About the impact, we can see a small dip of inbound packets to the LVS:
https://grafana.wikimedia.org/d/000000343/load-balancers?orgId=1&panelId=11&fullscreen&from=1555455629368&to=1555457808525

All failover and fail back happened as expected.

ayounsi triaged this task as Medium priority.Apr 17 2019, 12:12 AM

I have checked the core and the information, we did not find any PR related to this, please give us a few days to analyze the core.

After checking the information.
We have created a PR 1433009 and engineering will analyze and will update us on the findings.

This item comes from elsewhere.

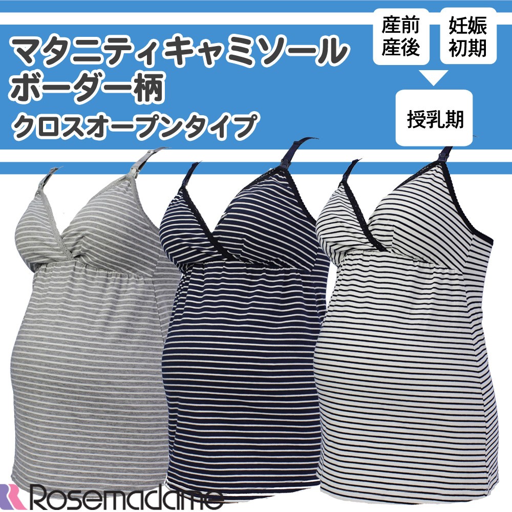 マタニティ キャミソール ボーダー柄 マタニティキャミソール 授乳 クロスオープン インナー 妊婦 ローズマダム 6061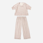 Our Ruffle Pajamas are the perfect blend of cute and cozy. This woven pajama set features a charming ruffle-collar top paired with wide-leg pants designed with an elastic waistband for maximum comfort. So soft and stylish, you’ll want to lounge in them all morning long!

After checking the core the engineering team has an update on what happened
“The thread that is holding the lock seem to have corrupted stack and is holding the lock for a very long time. Other threads starved for this lock beyond threshold and hence the crash.”
They are checking more information on this and will update us on their findings..

Still no news, asked to escalate the case.

According to engineering there is no much information that can be provided from the crash as the issue thread do not have any information and is blank.
This is was not reproducible in the lab so the reason for the issue was untraceable.
Please let me know if we saw any new crashes or issues on the box, so that we can investigate with more information.

The issue didn't happen since. Not much we can do. Closing the task.